Even after all these years, Jack admits he still gets nervous.
“I get a bit of stage fright and nerves every single time, but I think that’s actually really important.
“There’s something about the nerves that makes you stand up tall and give it the level of gravity that it deserves.”
He says it’s almost like method acting.
“You’re not there to be yourself,” Jack said. “You’re there to be Guinness World Records.”
One of the toughest jobs Jack has faced as an Adjudicator was trying to keep a straight face on the set of UK quiz show Pointless as cheeky host Alexander Armstrong tried to make him laugh.
Jack said: “He just started ribbing me and he was trying everything he could to get me to crack a smile or just retort with some kind of response that’s out of official character.
“He was trying his best to make me break character, but I managed to keep my composure.”
Jack has popped up on TV screens many times over the years on UK shows including Britain's Got Talent, Blue Peter, The Paul O’Grady Show, The One Show, This Morning and reality series The Only Way Is Essex.
But one of the most incredible things he says he’s ever seen was far from the TV cameras.
It was in Assam, India in 2013 that he had the privilege of witnessing the most instruments used in a piece of music.
Jack said he felt “humbled” as he watched 476 performers with 315 different types of musical instrument between them perform a beautiful piece of music composed by award-winning film and music director Rupam Sarmah.
And he admits he also enjoyed the power of being able to call out an instrument and have those performers play on his command.
Things haven’t always gone so swimmingly though.
Jack was once left stranded in the mountains in Italy after declaring a record attempt unsuccessful and leaving the participants less than impressed.
He said: “There was a lot of booing and hissing and they all just sort of turned around and left.

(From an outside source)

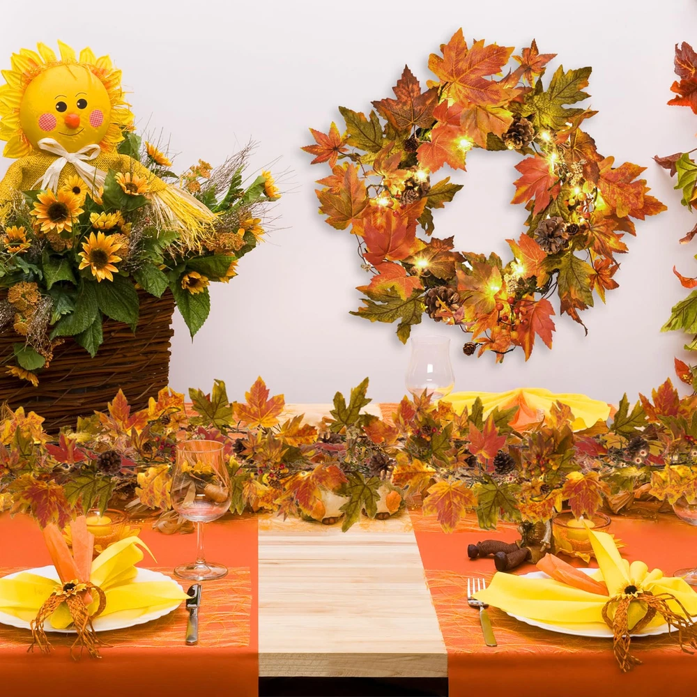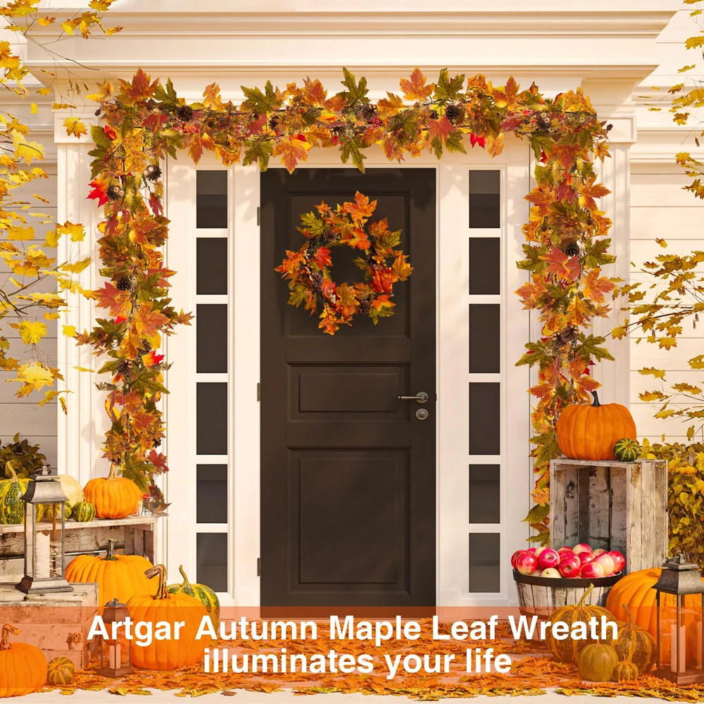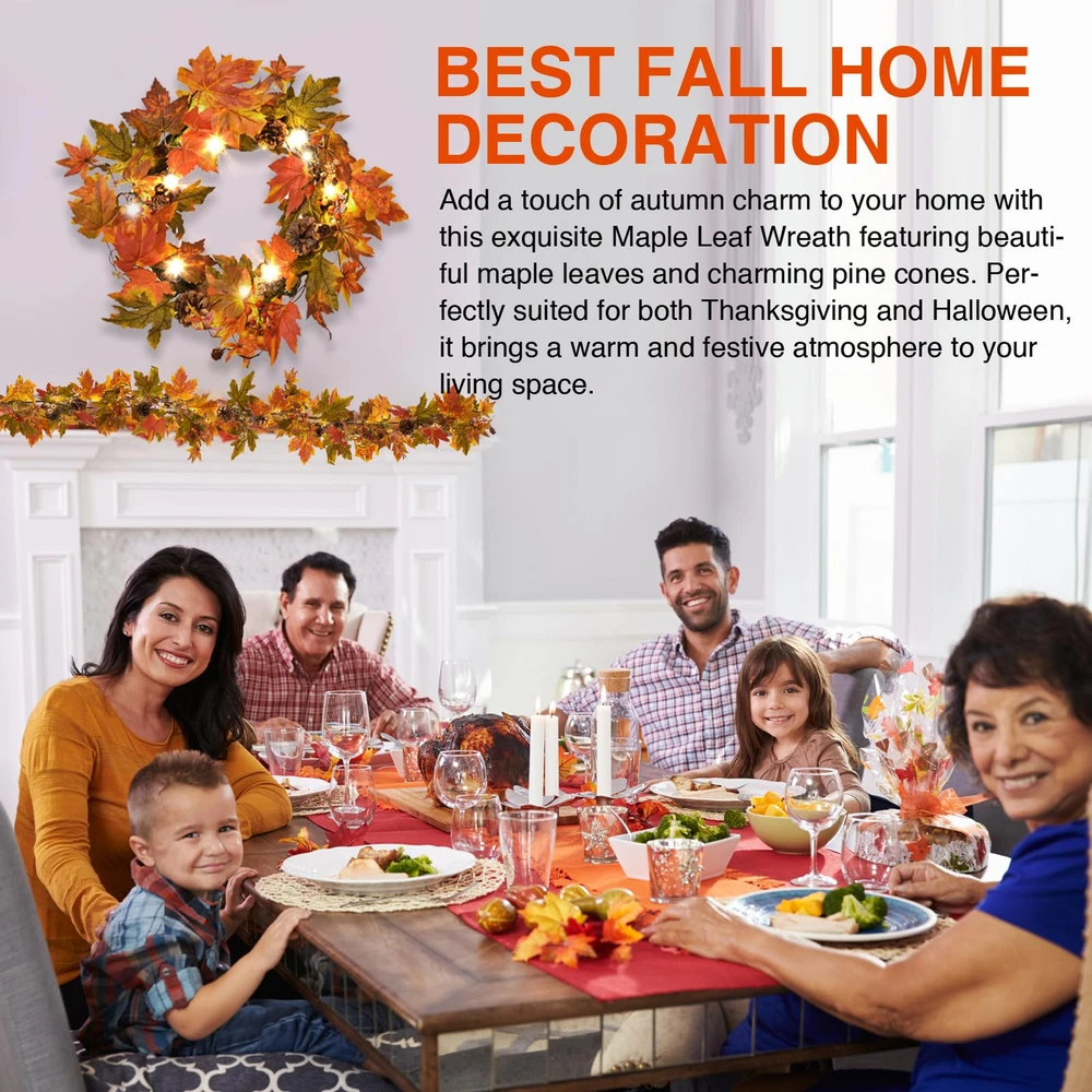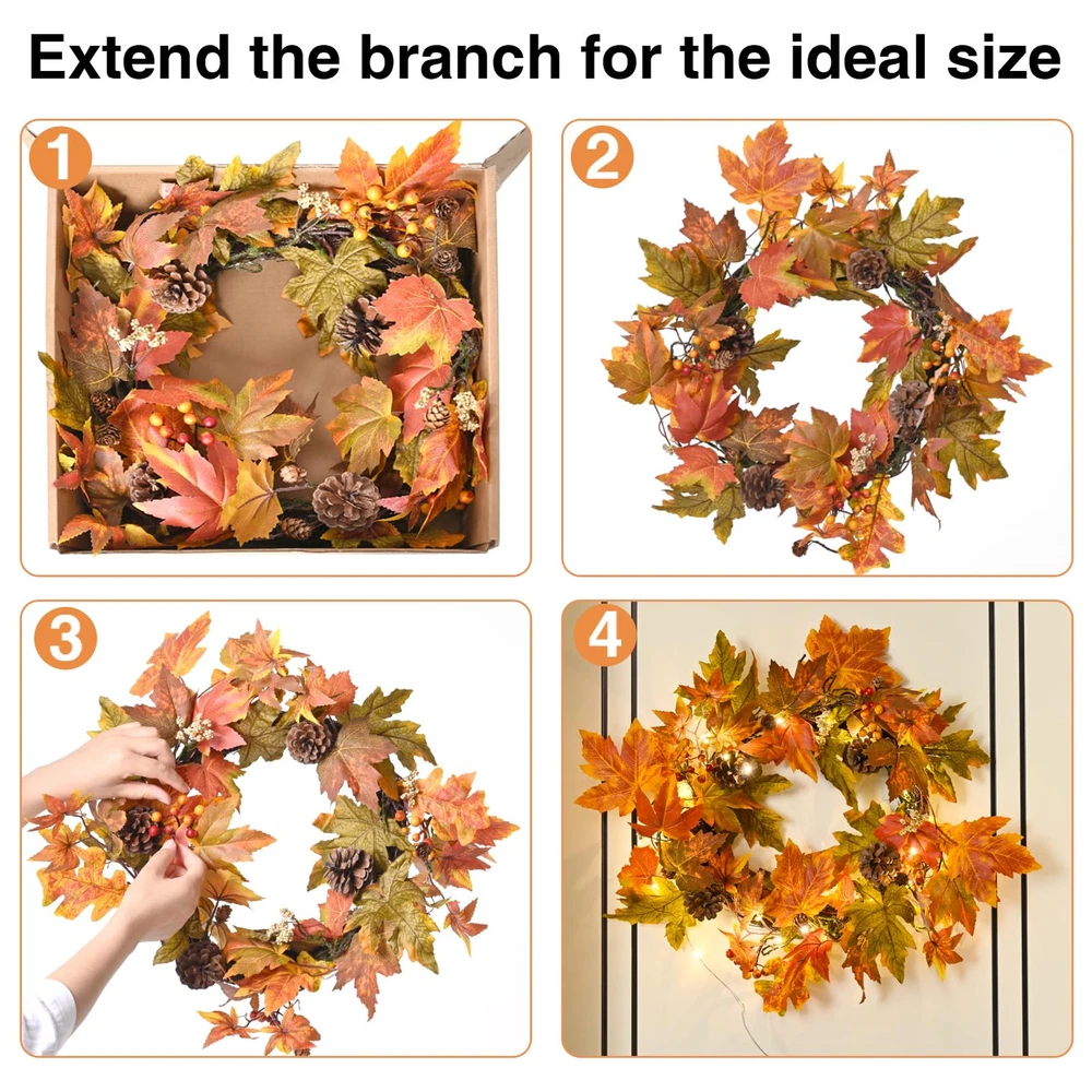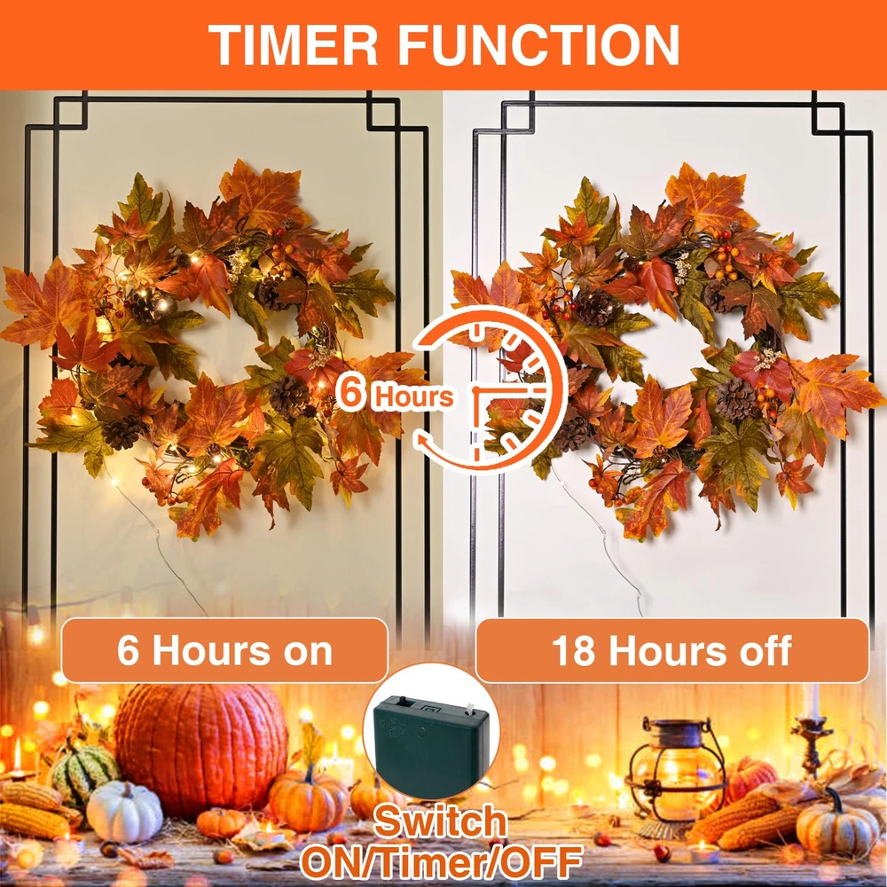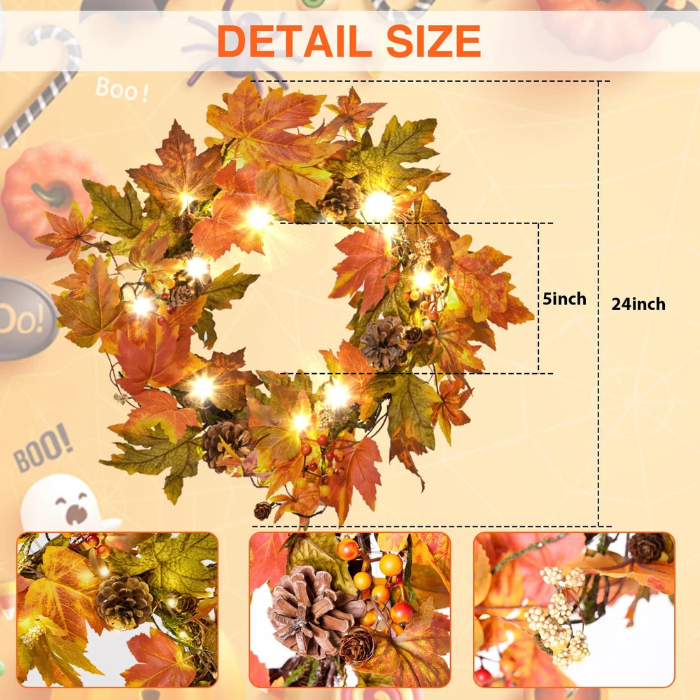 Elevate Your Fall Decor: Add a touch of warmth to your home with the fall wreaths for front door. Measuring 24 inches, this handmade wreath features a variety of leaves, large and small pine cones, and berries, creating a charming fall atmosphere Wreath with Timer Lights: Enjoy the cozy glow of 30 warm-colored LED lights that come with a convenient timer function (6 hours on, 18 hours off). Powered by 3 AA batteries (not included), this front door wreath effortlessly enhances your fall and Thanksgiving decor Exquisite Handmade Design: Each fall wreath is meticulously crafted to warmly welcome guests. Hang it on your front door or use it as a centerpiece with candles. Whether for your seasonal decor or as a thoughtful gift, this unique fall door wreath is for farmhouse charm Versatile Decor: Hang this maple leaf wreath on your front door, fireplace, wall, or window to welcome guests with a touch of fall charm. It's also perfect for indoor and outdoor settings decor, such as the farmhouse, living room, dining room, or office Thoughtful Packaging: The fall wreath is carefully packed in a gift box to ensure it arrives in perfect condition. Upon unpacking, adjust the branches to achieve the maximum size of 24 inches

I was keeping clear because there was a lot of bad feeling, but what I didn’t expect was not to be offered a lift back.
“So, I was just left there stranded in the mountains, but thankfully a passer-by took pity on me and gave me a lift back to the local town. It was quite a long drive so it would have been a very long walk through the mountains in my Adjudicator suit.”
What’s absolutely clear is that Jack loves his job and is proud to wear the uniform.
He said: “Some records are so iconic that the people who achieve them become huge stars after being in the book. Some people have made their whole careers out of it.
“I get asked quite a lot if you get money for having a record, but you don’t and that’s not really the point of it.
“It’s the accolade of being officially recognized as number one in the world at something.”
Record-breaking is something Jack loves to try out for himself too, even if it is just for fun.
“We used to try to break records at staff parties,” Jack said.
“When I was new in the office and keen to impress, I managed to achieve most apples bobbed in one minute. It was called a ‘staff record’ though, as GWR staff aren’t allowed to be record holders.
“Of course, the number I got has been completely smashed since then.”
The current record is 37 and held by Cherry Yoshitake (Japan), so Jack will need plenty of practice if he wants to reclaim it.